Top of Material for this task

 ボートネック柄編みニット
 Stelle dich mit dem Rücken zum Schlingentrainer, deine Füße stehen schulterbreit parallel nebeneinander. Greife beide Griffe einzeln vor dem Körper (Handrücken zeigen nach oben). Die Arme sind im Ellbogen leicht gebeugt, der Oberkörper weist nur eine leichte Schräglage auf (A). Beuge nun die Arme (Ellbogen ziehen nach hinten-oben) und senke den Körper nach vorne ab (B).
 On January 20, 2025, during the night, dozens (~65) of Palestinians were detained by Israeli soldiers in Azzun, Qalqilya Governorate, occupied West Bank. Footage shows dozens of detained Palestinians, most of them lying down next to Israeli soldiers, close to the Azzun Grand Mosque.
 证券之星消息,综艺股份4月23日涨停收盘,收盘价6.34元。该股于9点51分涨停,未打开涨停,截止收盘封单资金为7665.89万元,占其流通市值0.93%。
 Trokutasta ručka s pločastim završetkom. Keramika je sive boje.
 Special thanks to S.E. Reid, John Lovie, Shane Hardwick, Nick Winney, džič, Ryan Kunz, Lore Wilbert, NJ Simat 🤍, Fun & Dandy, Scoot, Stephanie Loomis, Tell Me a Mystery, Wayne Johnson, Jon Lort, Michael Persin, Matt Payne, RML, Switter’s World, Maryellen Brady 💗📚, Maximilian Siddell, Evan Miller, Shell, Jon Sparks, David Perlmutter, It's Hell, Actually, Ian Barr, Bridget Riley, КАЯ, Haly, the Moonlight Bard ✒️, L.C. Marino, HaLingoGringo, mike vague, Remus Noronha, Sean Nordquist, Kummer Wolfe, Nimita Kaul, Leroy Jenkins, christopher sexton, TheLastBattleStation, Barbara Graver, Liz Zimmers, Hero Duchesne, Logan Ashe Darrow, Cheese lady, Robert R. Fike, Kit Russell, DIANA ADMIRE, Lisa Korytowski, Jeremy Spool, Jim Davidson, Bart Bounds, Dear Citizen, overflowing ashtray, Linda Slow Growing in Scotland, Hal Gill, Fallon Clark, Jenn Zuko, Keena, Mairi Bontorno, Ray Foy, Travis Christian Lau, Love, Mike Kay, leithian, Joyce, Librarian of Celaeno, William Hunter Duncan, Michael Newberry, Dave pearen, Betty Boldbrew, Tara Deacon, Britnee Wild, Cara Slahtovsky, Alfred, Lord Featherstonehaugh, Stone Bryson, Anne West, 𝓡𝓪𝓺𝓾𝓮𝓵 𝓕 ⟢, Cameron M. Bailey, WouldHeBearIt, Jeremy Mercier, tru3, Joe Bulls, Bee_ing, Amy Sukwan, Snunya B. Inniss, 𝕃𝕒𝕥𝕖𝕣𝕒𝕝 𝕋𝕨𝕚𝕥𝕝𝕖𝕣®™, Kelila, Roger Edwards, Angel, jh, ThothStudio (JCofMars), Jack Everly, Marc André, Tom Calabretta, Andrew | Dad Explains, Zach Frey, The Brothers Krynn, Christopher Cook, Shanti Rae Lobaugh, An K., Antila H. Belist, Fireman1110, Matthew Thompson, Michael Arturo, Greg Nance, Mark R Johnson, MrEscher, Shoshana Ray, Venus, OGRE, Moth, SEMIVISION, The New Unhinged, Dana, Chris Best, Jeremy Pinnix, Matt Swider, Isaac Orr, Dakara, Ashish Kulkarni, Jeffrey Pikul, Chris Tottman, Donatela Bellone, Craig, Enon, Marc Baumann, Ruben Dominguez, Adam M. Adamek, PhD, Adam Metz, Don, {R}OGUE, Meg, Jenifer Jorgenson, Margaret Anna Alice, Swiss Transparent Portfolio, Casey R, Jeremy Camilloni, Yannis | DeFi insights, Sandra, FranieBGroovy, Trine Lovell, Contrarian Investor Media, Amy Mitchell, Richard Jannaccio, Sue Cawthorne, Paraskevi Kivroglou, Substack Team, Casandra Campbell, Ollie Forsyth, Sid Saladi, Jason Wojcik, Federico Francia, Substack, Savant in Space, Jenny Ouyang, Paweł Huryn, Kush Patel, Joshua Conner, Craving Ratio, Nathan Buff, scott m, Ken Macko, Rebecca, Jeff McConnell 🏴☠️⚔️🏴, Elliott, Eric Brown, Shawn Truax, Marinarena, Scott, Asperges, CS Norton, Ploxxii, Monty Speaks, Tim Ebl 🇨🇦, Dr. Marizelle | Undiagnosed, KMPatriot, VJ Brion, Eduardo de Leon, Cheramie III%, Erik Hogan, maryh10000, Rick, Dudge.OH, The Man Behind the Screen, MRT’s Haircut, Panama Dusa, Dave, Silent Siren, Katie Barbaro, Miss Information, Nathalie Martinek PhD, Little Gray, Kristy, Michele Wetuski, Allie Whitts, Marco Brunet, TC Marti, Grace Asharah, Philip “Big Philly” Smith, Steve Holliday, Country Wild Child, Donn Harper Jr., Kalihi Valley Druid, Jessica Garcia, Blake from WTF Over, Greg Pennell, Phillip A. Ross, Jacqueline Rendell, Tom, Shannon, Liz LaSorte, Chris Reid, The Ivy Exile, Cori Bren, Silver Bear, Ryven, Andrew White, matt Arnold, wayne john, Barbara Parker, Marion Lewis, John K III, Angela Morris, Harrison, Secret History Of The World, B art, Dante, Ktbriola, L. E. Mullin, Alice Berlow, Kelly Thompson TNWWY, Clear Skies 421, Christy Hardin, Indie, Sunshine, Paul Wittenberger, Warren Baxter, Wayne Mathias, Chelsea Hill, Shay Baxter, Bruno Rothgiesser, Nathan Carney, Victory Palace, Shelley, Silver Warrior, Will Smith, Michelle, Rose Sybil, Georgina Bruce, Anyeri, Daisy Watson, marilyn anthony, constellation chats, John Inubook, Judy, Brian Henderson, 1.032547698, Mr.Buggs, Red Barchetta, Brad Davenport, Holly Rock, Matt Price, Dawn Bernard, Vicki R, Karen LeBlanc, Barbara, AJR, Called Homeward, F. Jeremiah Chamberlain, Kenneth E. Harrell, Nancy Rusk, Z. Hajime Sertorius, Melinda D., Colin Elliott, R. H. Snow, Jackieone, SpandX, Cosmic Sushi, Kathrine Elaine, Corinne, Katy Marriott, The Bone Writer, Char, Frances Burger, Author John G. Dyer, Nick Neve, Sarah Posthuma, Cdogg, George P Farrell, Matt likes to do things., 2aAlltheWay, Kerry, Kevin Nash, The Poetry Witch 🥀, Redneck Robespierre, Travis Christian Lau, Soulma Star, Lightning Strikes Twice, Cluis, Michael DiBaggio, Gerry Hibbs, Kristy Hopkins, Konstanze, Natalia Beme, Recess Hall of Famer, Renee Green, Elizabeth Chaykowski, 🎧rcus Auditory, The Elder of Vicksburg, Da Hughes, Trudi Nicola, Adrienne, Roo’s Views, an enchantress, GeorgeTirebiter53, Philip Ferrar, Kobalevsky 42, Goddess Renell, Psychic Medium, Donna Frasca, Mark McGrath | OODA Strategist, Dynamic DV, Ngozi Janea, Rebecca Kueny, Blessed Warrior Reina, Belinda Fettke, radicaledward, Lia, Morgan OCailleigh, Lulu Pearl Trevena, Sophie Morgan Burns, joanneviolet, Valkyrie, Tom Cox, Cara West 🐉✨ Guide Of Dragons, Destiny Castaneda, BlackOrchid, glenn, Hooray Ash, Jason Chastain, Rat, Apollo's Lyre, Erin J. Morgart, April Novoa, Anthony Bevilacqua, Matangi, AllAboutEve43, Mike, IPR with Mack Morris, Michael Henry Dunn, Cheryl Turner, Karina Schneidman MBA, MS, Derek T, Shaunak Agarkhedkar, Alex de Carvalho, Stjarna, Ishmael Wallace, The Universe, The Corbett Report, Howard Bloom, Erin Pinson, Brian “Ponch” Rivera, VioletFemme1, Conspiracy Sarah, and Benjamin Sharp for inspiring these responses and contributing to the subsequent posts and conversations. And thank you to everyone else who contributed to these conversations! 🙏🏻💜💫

Bottom of Material for this task

Task prompt: In the listing above, transcribe exactly everything from the line containing "Stelle dich mit" down to the line containing "Trokutasta ručka s", including both and nothing more.

Task response:
 Stelle dich mit dem Rücken zum Schlingentrainer, deine Füße stehen schulterbreit parallel nebeneinander. Greife beide Griffe einzeln vor dem Körper (Handrücken zeigen nach oben). Die Arme sind im Ellbogen leicht gebeugt, der Oberkörper weist nur eine leichte Schräglage auf (A). Beuge nun die Arme (Ellbogen ziehen nach hinten-oben) und senke den Körper nach vorne ab (B).
 On January 20, 2025, during the night, dozens (~65) of Palestinians were detained by Israeli soldiers in Azzun, Qalqilya Governorate, occupied West Bank. Footage shows dozens of detained Palestinians, most of them lying down next to Israeli soldiers, close to the Azzun Grand Mosque.
 证券之星消息,综艺股份4月23日涨停收盘,收盘价6.34元。该股于9点51分涨停,未打开涨停,截止收盘封单资金为7665.89万元,占其流通市值0.93%。
 Trokutasta ručka s pločastim završetkom. Keramika je sive boje.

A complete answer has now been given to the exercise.